Good clean fun, damn it

>> Ed Norton's Keeping the Faith will offend no one

By JOANNE LATIMER

What you already know from the trailers is that Keeping the Faith is about a rabbi and a priest who fall for the same girl. Ed Norton directs and plays the priest, while Ben Stiller plays his boyhood friend, who grows up to be the rabbi. What you might not want to know is that Norton has made an innocuous romantic comedy that's low on sacrilege. Keeping the Faith offends no one--when has that ever made for a good film about religion?

The story never spirals into absurdity--damn it--nor does it bound off into shocking terrain. Expectations for something more seditious come attached with Norton himself, perhaps, and his anti-hero status. Who would've thought he'd make his directorial debut doing mainstream gags? I preferred watching Norton when he was bottom- feeding at other people's A.A. meetings and making soap from liposuctioned fat in Fight Club.

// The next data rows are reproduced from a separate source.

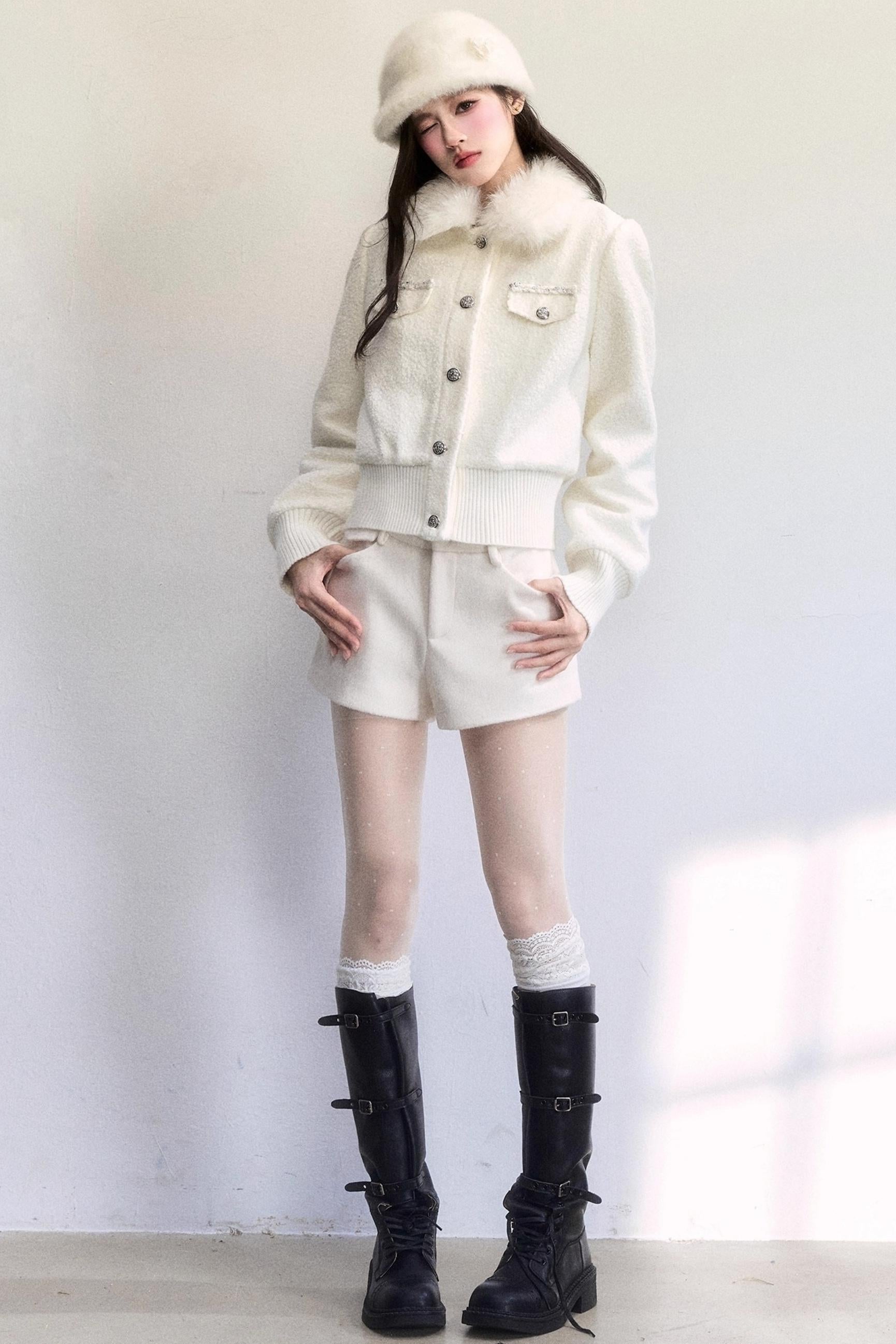 Color: White Fur Collar Removable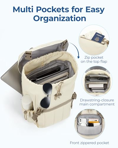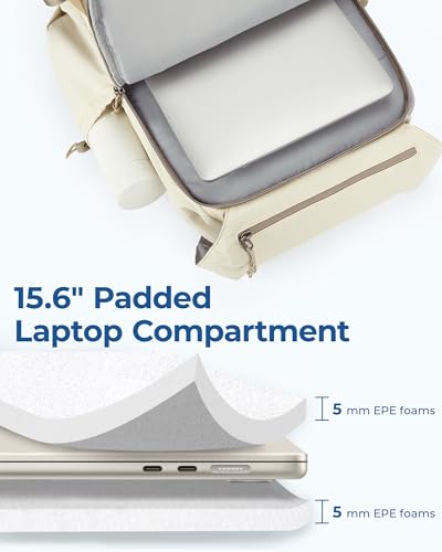 BAGSMART Backpack for Women, Wide Opening Travel Backpack, College Backpack for 15.6 Inch, Water-Resistant Quilted Daypack Lightweight Bookbag, Beige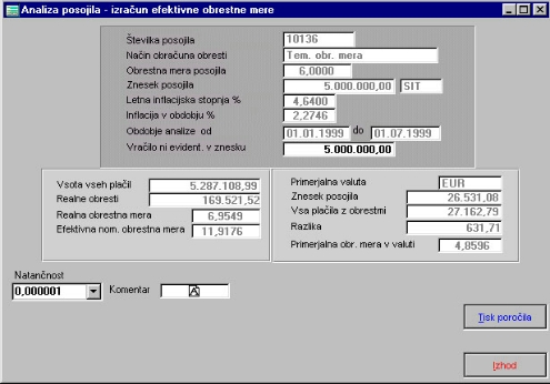 V oknu EVIDENCA POSOJILA posojilo vpišemo. Pomembno je, da v polju IZPIS izberemo Temeljno obrestno mero (oziroma način obrestovanja, ki velja za posojilo). Nato pritisnemu gumb K- ANALIZA POSOJILA. Program obračuna obresti in odpre okno ANALIZA POSOJILA, v katerem so podatki že prenešeni.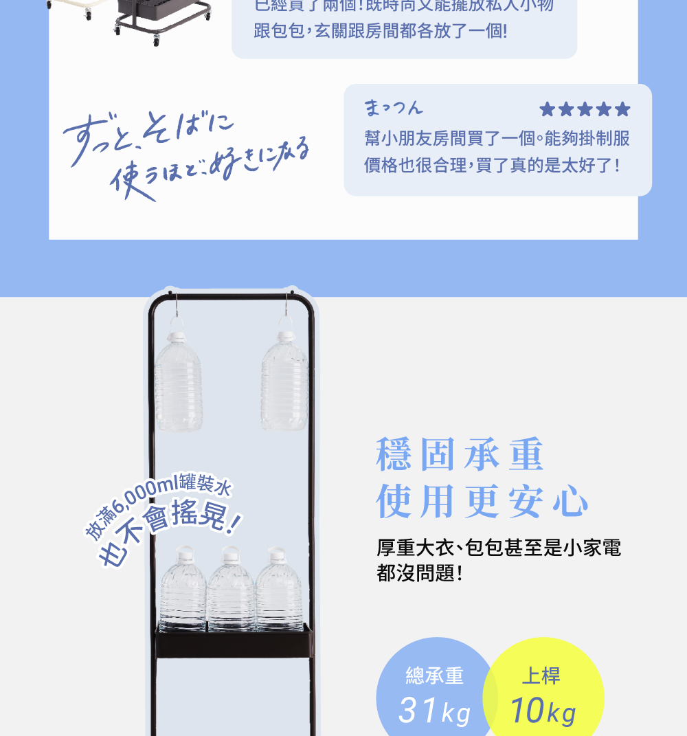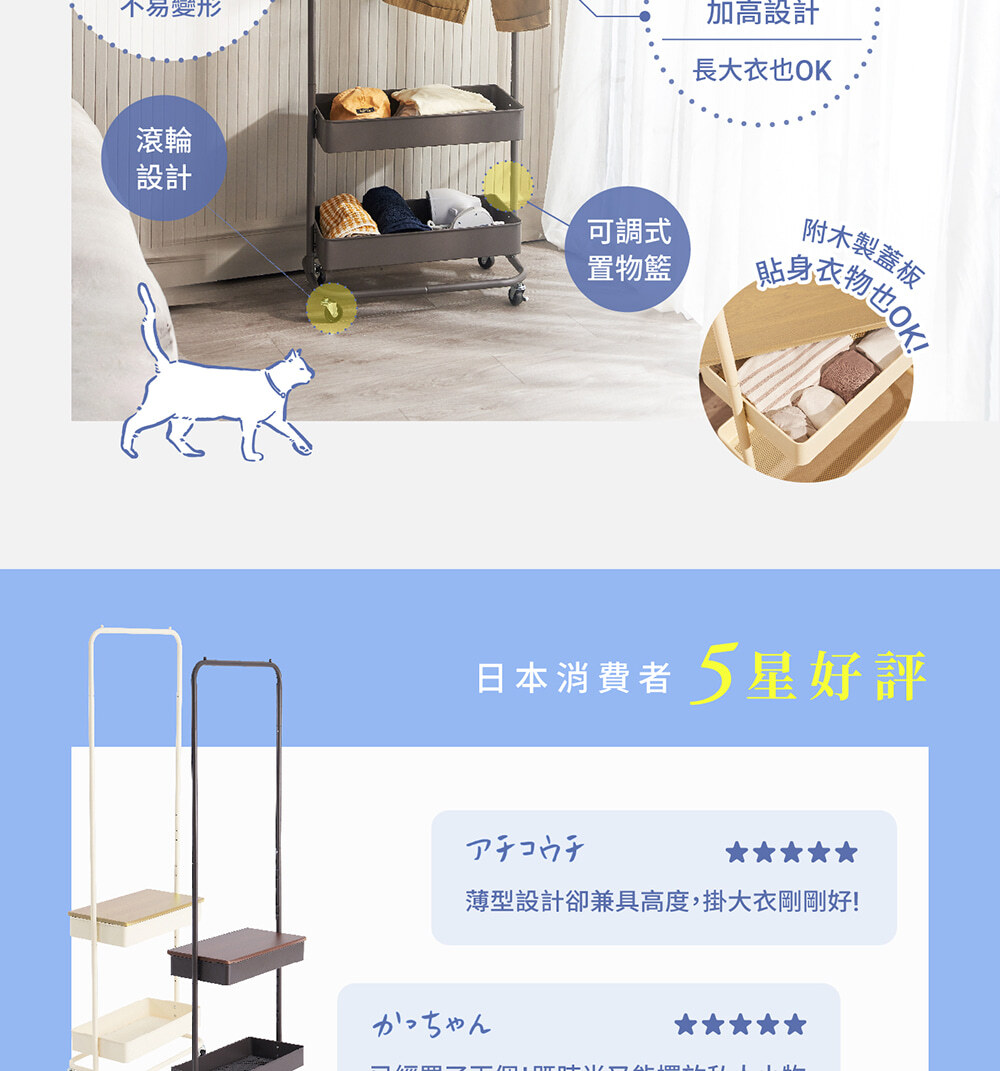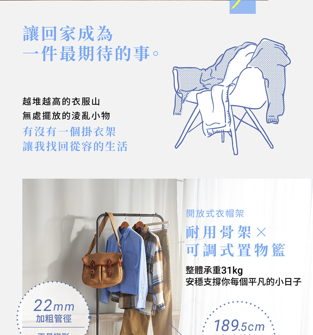 • 189.5 cm加高設計,掛長大衣也OK!

Maybe Keeping the Faith is winking in the direction of Fight Club in its opening scenes, when a drunk Father Finn (Norton) is stumbling around the streets of Manhattan and falling into piles of garbage. The good Father has a dark secret, of course, but it's not really dirty and we can tell from the lilt in his voice-over that he never seriously stains his robes.

"She was a cross between Tatum O'Neal in Little Foxes and Johnny Quest," says Father Finn, describing his childhood friend, Anna Reilly, played by Jenna Elfman (what is it with guys in their thirties and Tatum O'Neal?). Rabbi Jake also has a boner for Anna, but doesn't want to destroy his mother (Anne Bancroft) by dating a non-Jew. Jake is the most eligible bachelor at his synagogue, and the film's best moments are about reluctant dates.

Norton spends too much footage establishing the rabbi and the priest as hip holy men. They play basketball, they wear leather coats, they jog, they like music and they're rebels in their respective fields. As if we didn't get it, he actually says, "We want to kick the dust off our religions." Someone refers to them as The God Squad and we're supposed to think, "Yeah, the God Squad!"

Like the rest of the film, the joke doesn't quite work.